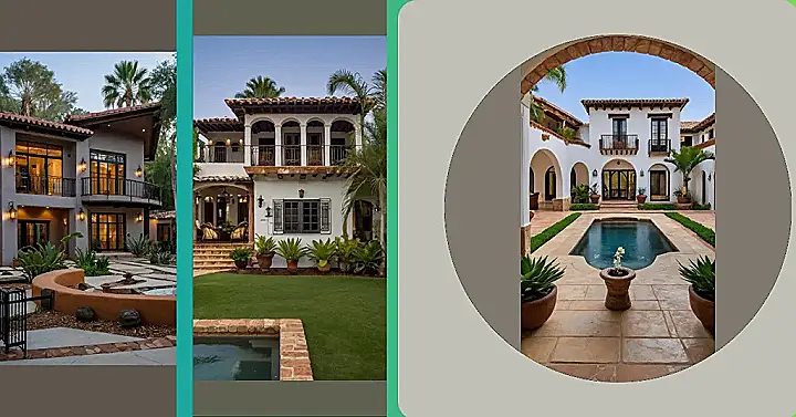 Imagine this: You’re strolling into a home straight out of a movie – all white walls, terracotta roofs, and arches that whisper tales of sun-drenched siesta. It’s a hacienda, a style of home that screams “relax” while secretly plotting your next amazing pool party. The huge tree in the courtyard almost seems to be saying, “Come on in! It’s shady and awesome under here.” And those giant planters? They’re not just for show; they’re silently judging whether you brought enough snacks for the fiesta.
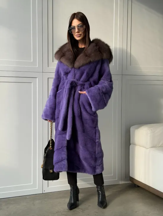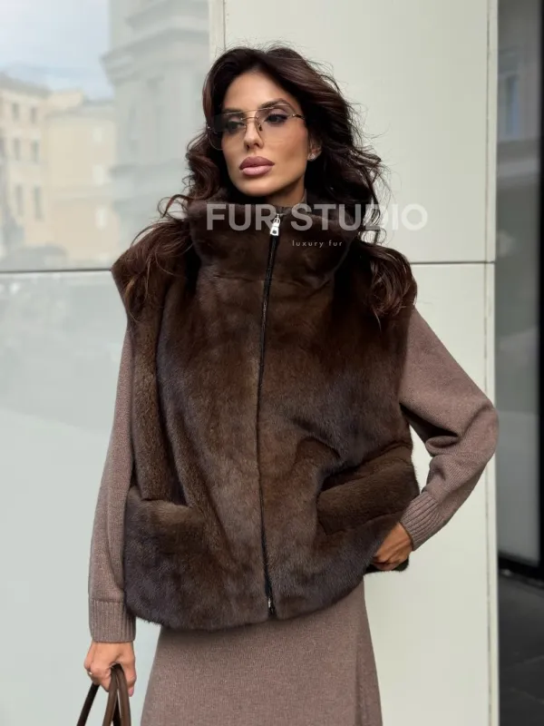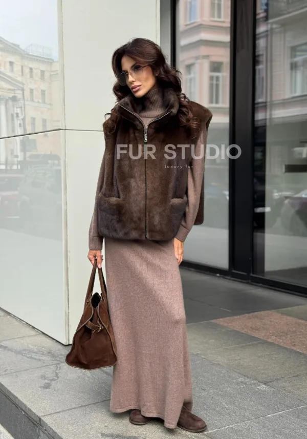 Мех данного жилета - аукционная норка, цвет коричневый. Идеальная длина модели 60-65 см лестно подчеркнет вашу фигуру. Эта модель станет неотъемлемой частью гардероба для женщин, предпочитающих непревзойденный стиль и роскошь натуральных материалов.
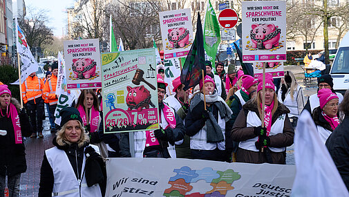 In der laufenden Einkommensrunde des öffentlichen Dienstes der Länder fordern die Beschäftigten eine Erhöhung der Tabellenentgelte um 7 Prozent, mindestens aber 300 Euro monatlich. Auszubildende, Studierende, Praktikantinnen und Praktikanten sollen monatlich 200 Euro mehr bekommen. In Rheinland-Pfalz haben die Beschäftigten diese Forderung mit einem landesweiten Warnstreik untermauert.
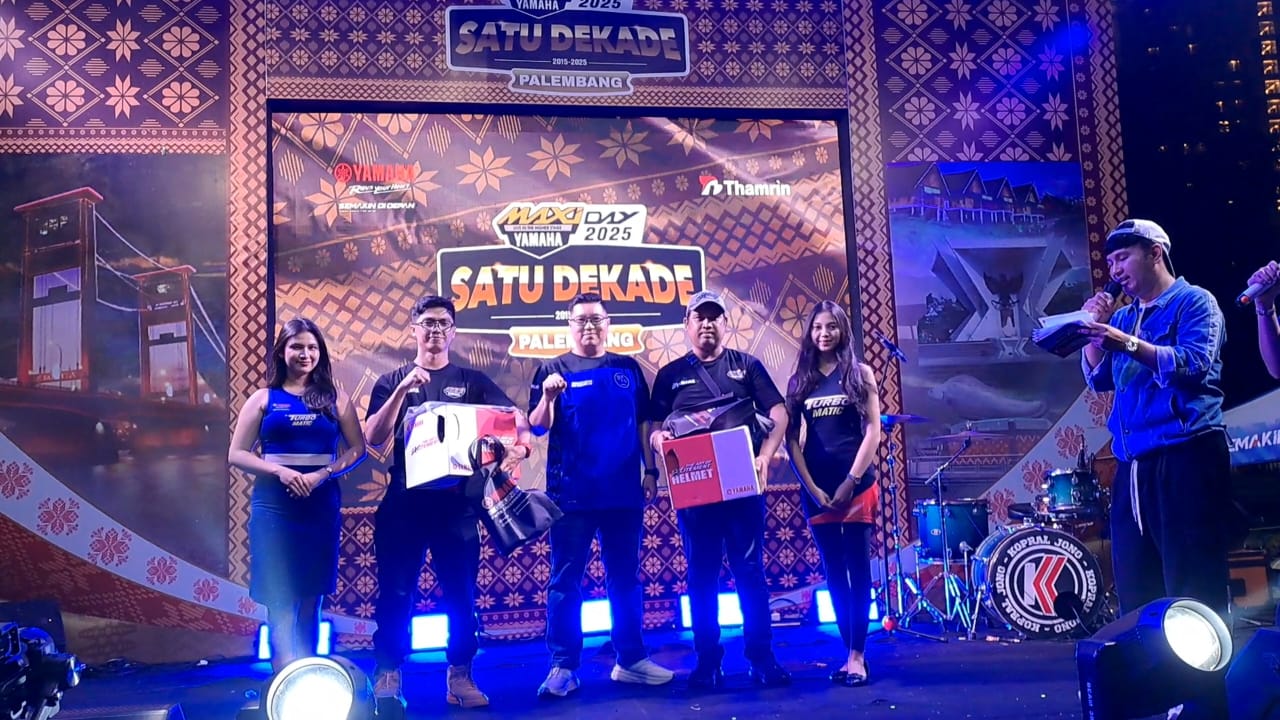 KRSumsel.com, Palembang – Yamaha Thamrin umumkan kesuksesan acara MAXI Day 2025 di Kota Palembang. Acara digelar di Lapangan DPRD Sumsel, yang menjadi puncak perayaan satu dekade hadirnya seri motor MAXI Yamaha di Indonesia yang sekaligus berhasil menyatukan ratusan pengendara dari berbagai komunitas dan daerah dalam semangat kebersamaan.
* * *
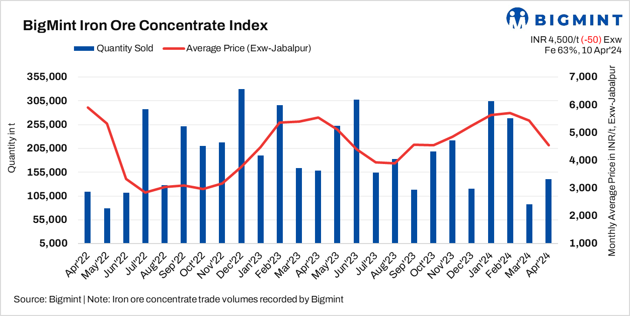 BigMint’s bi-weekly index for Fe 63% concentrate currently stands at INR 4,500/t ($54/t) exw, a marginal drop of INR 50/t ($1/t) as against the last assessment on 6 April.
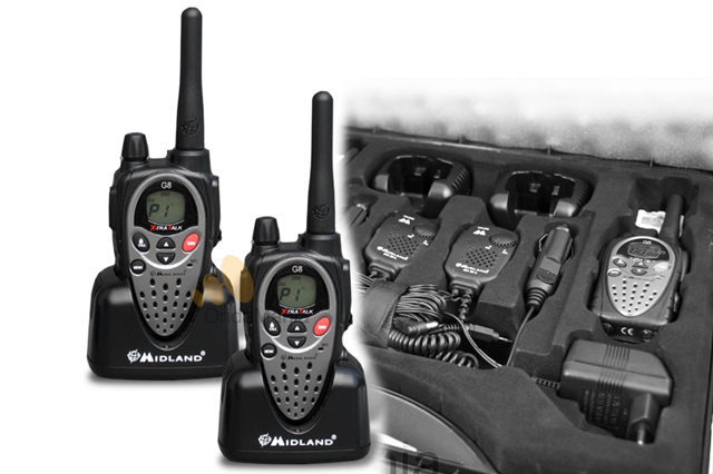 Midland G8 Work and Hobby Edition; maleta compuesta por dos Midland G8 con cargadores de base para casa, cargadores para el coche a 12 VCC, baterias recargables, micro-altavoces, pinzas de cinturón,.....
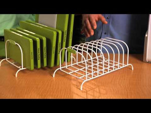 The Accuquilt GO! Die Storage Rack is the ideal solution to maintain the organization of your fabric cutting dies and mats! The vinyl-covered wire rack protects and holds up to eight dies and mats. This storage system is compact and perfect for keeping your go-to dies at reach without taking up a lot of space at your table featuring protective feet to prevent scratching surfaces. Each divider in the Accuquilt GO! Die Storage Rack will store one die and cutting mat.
* * *
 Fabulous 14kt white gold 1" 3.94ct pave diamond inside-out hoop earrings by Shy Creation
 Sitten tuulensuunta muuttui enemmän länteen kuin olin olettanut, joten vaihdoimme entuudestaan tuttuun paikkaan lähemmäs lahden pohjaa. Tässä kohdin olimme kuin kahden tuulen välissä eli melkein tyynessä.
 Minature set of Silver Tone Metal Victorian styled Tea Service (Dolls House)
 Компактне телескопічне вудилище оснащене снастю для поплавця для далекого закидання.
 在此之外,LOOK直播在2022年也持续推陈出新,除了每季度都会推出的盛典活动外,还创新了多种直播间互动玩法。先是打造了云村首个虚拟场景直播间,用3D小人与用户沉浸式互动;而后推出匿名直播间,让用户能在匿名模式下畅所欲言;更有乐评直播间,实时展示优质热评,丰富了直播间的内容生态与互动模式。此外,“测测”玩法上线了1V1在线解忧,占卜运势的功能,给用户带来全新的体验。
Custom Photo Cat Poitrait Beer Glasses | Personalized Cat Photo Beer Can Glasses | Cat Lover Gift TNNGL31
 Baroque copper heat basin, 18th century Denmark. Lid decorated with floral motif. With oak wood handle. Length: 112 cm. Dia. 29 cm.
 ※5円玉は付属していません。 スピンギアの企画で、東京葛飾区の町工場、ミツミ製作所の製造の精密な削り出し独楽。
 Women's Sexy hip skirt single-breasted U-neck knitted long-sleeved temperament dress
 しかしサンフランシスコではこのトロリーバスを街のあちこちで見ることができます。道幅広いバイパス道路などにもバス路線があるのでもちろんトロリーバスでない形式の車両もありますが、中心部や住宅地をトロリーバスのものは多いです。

* [Task goal]
Of all the entries above, repeat only the lines from the line that has "Sitten tuulensuunta muuttui" to the line that has "Minature set of", both lines included, exactly.

* [Problem solution]
 Sitten tuulensuunta muuttui enemmän länteen kuin olin olettanut, joten vaihdoimme entuudestaan tuttuun paikkaan lähemmäs lahden pohjaa. Tässä kohdin olimme kuin kahden tuulen välissä eli melkein tyynessä.
 Minature set of Silver Tone Metal Victorian styled Tea Service (Dolls House)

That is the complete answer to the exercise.